The choice of the rule induction algorithm is subjective and for the relatively low-dimension problem described in the article of Stengård et al, all 3 algorithms described earlier are likely to discover the same set of rules. An important question is whether we really need another data mining method for this purpose. The authors argue that regression models make assumptions that may limit their applicability to genetic risk modeling of complex traits, and indeed several recent attempts to build genetic risk models using traditional statistical methods have failed to show that additional genetic information can substantially improve the prediction of risk of common diseases such as diabetes6 or cardiovascular disease.7 The failure of these and other attempts may be a consequence of the regression modeling approach that can easily reach saturation with a handful of variables, and the use of nontraditional modeling tools such as the one adopted by Stengård et al can prove to be very fruitful.8–11 With the growing literature asserting accurate risk prediction models,12 it is also important to establish basic guidelines to evaluate accuracy.13 Stengård et al use sensitivity, specificity, and percent predicted values in the same data used for rule induction to demonstrate the “additional predictive value” of genetic data.

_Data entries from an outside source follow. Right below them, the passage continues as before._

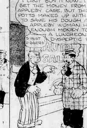
I CAN'T BUY IT NOW - I EXPECTED TO GET THE MONEY FROM THAT POTTS-APPLEBY CASE, BUT THIS OLD TOTTWAD POTTS MAKES UP WITH HER IN COURT TO SAVE HIS DOUGH AND THIS APPLEBY WOMAN HASN'T ENOUGH MONEY TO GIVE A LUNCHEON TO A DYSPHEPTIC FLY.
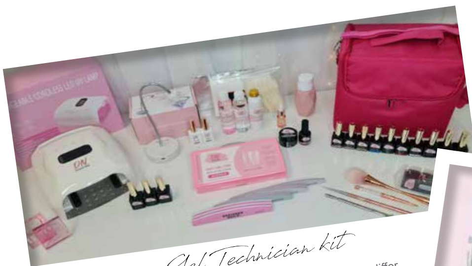
Gel Technician kit Kit contents subject to change; some items may differ

Theory of Nails written exam Practical exam: Natural nail prep using e-file cuticle burr bit; Gel Extensions with Gel Polish
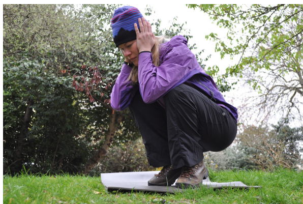
Figure 3. Lightning position.

The lightning position involves sitting or crouching with knees and feet close together to create only one point of contact with the ground (Figure 3). If standing, have feet touching. If sitting, lift feet off the ground. Take this position only when a lightning strike is imminent and when all other lightning prevention strategies have failed. Signs of imminent strike include a blue haze around objects or individuals (St. Elmo's fire), static electricity over hair or skin, an ozone smell, or a nearby crackling sound. Attempt to minimize the risk of ground current injury by insulating oneself from the ground; sit on a pack (remove any metal from the pack), a dry coiled rope, or a rolled foam sleeping pad. This is a strategy of last resort, as it is a difficult position to maintain for a long time, and should not be relied on as primary prevention but may reduce the risk of injury from an imminent lightning strike. 25 Recommendation grade: 2C.
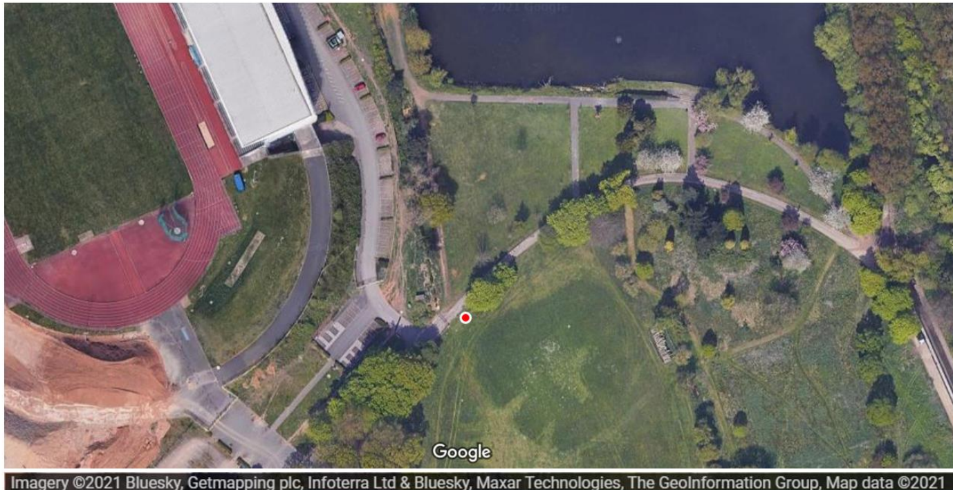
Indicative location of the sapling (in red).

The sapling will be removed week commencing 21st June 2021, and an equivalent sapling will be planted in Perry Park after the Commonwealth Games to compensate for this loss. Our principal contractor McLaughlin & Harvey will first check the sapling for any bird nests, and the sapling will only be removed if there are no nests present.
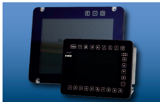
ASDO Drivers Display

12.1" or 6.5" Display with function keys. Provides information to the driver of the train configuration and what doors are selected.
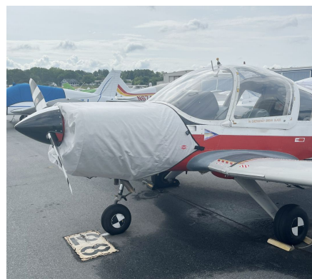
Scottish Aviation Bulldog Engine Cover
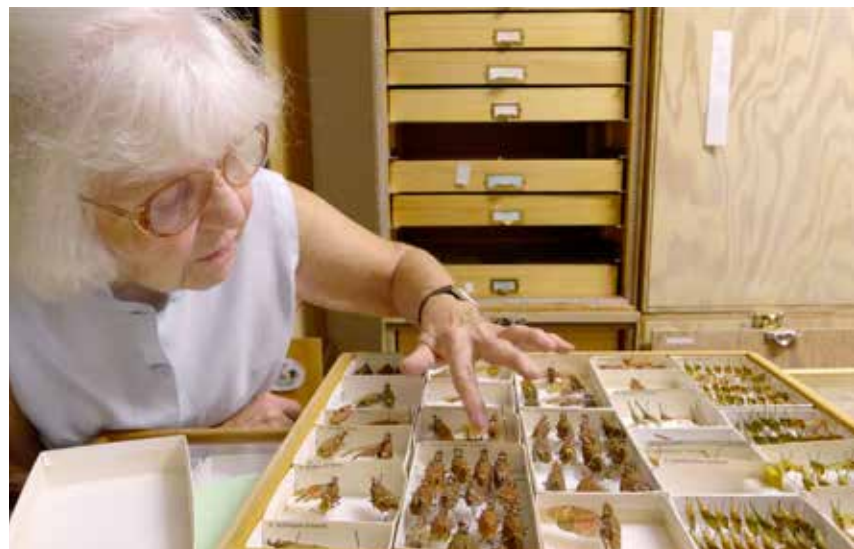
THE LOVE BUGS | SUN, MARCH 15 | 4:00 PM

Patrons without reservations will be asked to join the STANDBY line. Once the Reserved line has entered the theater, remaining seats will be awarded to patrons in the Standby line on a space-available basis.

However, this evaluation does not rule out data overfitting, and the possibility that the rules discovered in the Copenhagen City Heart Study may have no value in other populations. Testing sensitivity and specificity in new data with similar characteristics to the discovery set should become a standard step of the model building procedure and the assertion of accuracy.14
Finally, the authors make a case for better stratification to better tailor prevention and treatment. However, the value of the rules discovered in the analysis of Stengård et al falls short of apparent clinical utility. The stratification of the female subsample FS 1 into 2 sets defined by the genotypes of the 5′ APOE promoter does not help the clinician decide between intervention options. This situation might change in the future if genotype specific treatments have a differential effect on IHD-related outcomes. If one wishes to entertain the possibility of genotype specific effects, then it would also be useful to consider a different implementation of the 2-step PRIM in which the genetic data are used in the first step of the procedure to partition the subjects into subsamples characterized by different genetic profiles and then additional, modifiable risk factors are used to further stratify the subsamples. This approach could suggest direct intervention and prove immediate clinical utility of genetic data.